See "Part II. Other Information-Item 1A. Risk Factors," below.

Capital Resources



In addition to cash from operations, our existing credit facility is our primary
source of capital. However, we have raised funds in the capital markets in the
past and may continue to do so from time-to-time.

Credit Facility



We have a $30.0 million credit facility with Wells Fargo Bank, National
Association which matures in July 2025 and which, under certain circumstances,
could be increased by $10.0 million to $40.0 million. At September 30, 2022, we
had $25.8 million of outstanding borrowings under the credit facility.

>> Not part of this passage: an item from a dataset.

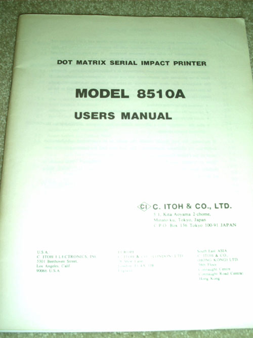 Dot Matrix Serial Impact Printer Model 8510A Users Manual
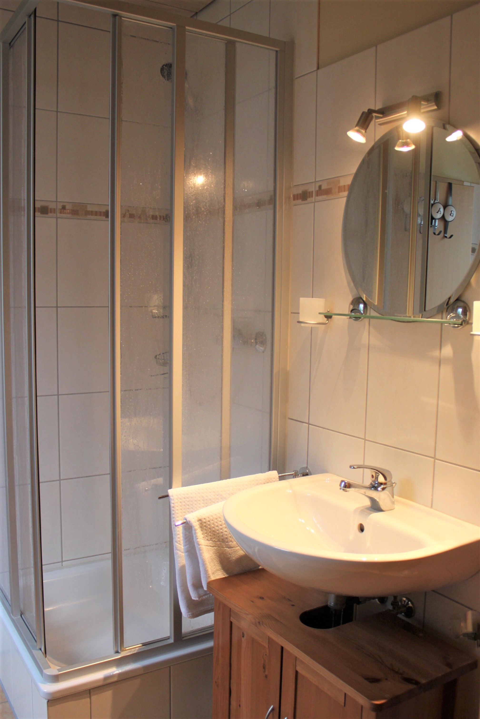 Geräumiges Badezimmer mit Dusche und Sauna

The
borrowing capacity under the credit facility is determined monthly and is based
on the amount of our eligible accounts receivable and inventory balances and
qualified cash (as defined in the credit facility). Depending on the extent to
which our eligible accounts receivable and inventory balances increase, our
borrowing capacity could increase or decrease in the future. The credit facility
contains various customary affirmative and negative covenants, including
prohibiting us from incurring indebtedness without the lender's consent. Under
the terms of the credit facility, if our Total Liquidity (as defined in the
credit facility) is less than $5.0 million, we are required to maintain a
minimum fixed charge coverage ratio of 1.10 to 1.00 for the applicable
measurement period. Our Total Liquidity was $41.9 million at September 30, 2022,
and therefore that financial covenant was not applicable at that time.